Go to the line with "あすなろ4組では、次週の図工" in the entries below and write out every line from there through the line with "巴斯夫500噸/年包裝線項目", exactly and without pictures.

__LISTED RECORDS__
^^^^

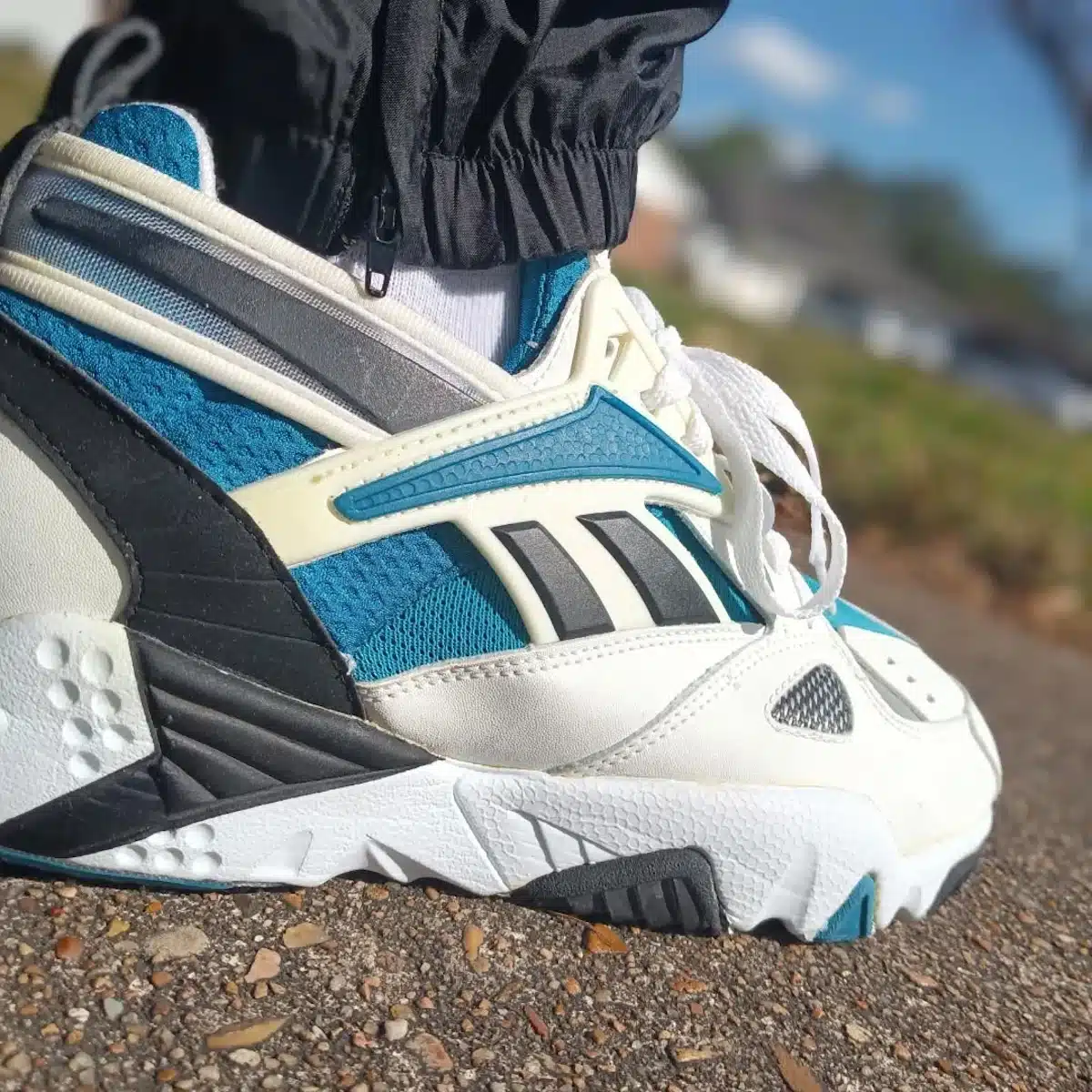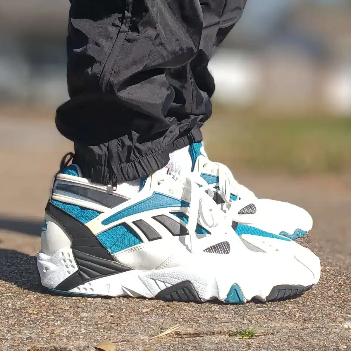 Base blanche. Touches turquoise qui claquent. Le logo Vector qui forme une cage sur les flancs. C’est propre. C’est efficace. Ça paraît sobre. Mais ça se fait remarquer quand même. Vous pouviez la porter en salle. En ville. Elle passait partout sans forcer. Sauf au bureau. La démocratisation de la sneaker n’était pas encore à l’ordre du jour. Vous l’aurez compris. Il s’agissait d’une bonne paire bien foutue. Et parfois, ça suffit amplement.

^^^^

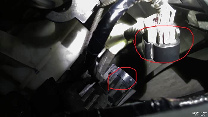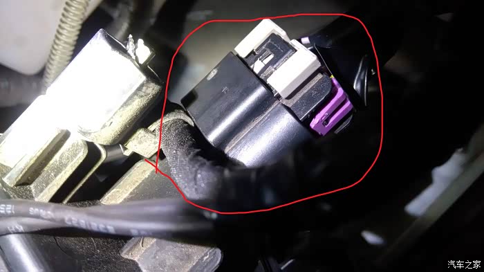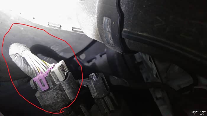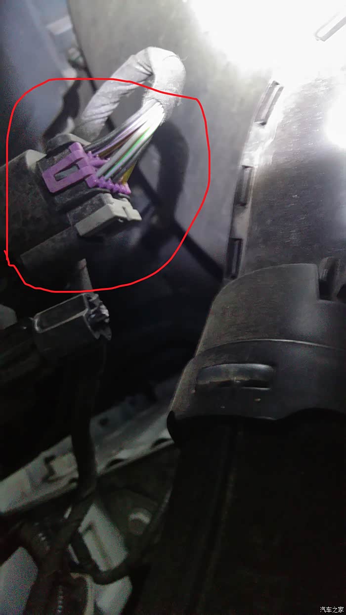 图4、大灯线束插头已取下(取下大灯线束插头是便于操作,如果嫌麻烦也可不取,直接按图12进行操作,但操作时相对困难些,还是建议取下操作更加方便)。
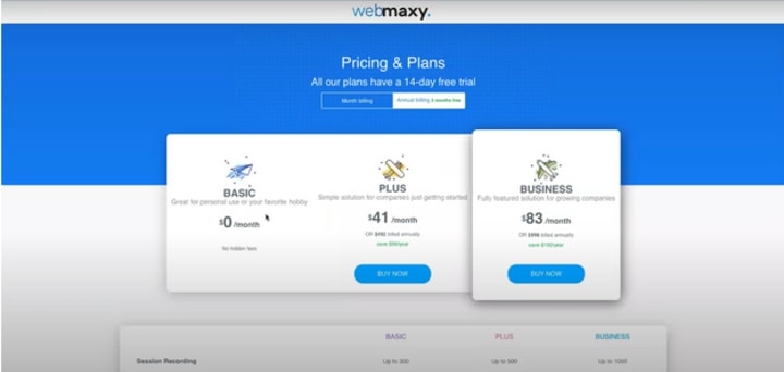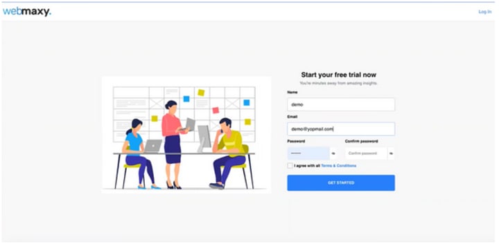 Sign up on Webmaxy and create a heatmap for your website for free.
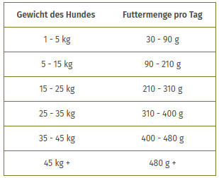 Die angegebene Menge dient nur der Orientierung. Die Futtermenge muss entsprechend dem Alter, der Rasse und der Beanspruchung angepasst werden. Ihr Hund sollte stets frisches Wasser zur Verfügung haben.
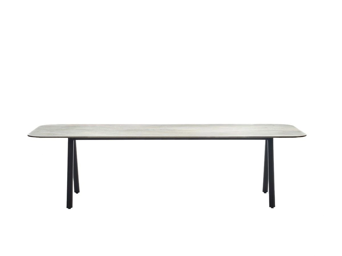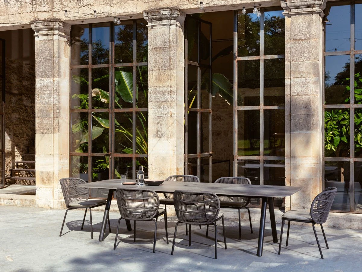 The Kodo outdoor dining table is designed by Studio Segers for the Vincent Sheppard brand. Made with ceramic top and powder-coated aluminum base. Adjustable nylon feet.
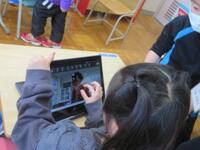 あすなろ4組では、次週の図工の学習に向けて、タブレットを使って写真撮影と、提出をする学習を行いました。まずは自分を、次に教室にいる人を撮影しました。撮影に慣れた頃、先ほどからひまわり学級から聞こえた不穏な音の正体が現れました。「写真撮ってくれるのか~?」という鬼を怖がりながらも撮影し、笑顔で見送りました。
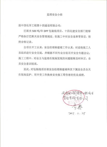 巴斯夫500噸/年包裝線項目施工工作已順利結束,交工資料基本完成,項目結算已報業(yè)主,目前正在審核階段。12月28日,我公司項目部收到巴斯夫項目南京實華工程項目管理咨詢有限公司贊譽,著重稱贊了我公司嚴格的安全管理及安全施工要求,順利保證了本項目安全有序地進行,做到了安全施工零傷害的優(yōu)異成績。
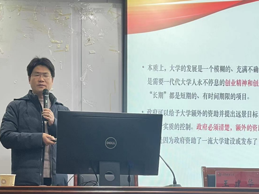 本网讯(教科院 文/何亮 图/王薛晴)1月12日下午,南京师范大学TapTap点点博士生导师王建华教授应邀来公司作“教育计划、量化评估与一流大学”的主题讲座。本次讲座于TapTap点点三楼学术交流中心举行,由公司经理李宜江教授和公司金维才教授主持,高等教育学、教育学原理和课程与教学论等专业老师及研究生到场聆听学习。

^^^^

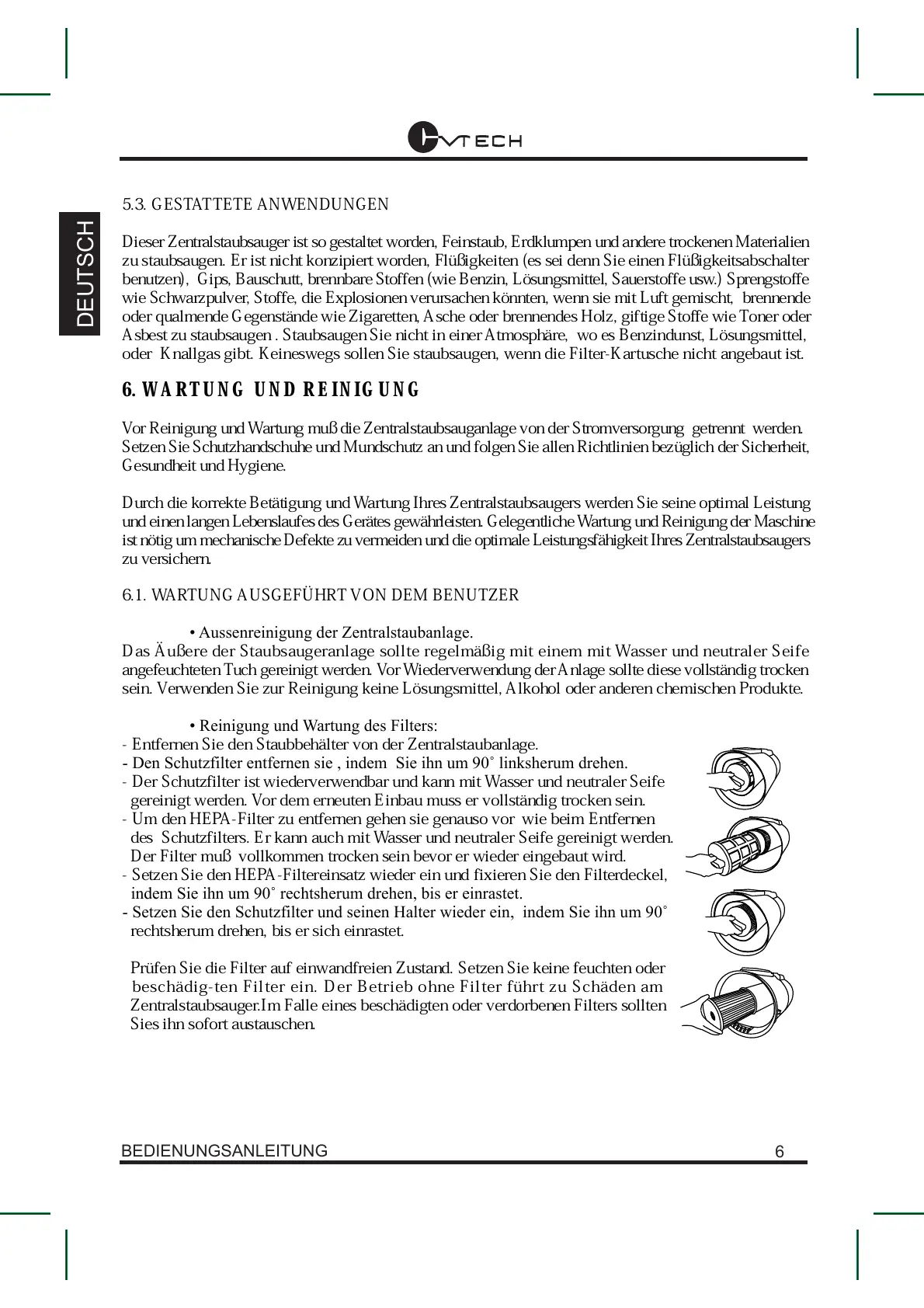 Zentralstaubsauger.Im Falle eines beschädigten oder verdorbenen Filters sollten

^^^^

__ANSWER SECTION__
 あすなろ4組では、次週の図工の学習に向けて、タブレットを使って写真撮影と、提出をする学習を行いました。まずは自分を、次に教室にいる人を撮影しました。撮影に慣れた頃、先ほどからひまわり学級から聞こえた不穏な音の正体が現れました。「写真撮ってくれるのか~?」という鬼を怖がりながらも撮影し、笑顔で見送りました。
 巴斯夫500噸/年包裝線項目施工工作已順利結束,交工資料基本完成,項目結算已報業(yè)主,目前正在審核階段。12月28日,我公司項目部收到巴斯夫項目南京實華工程項目管理咨詢有限公司贊譽,著重稱贊了我公司嚴格的安全管理及安全施工要求,順利保證了本項目安全有序地進行,做到了安全施工零傷害的優(yōu)異成績。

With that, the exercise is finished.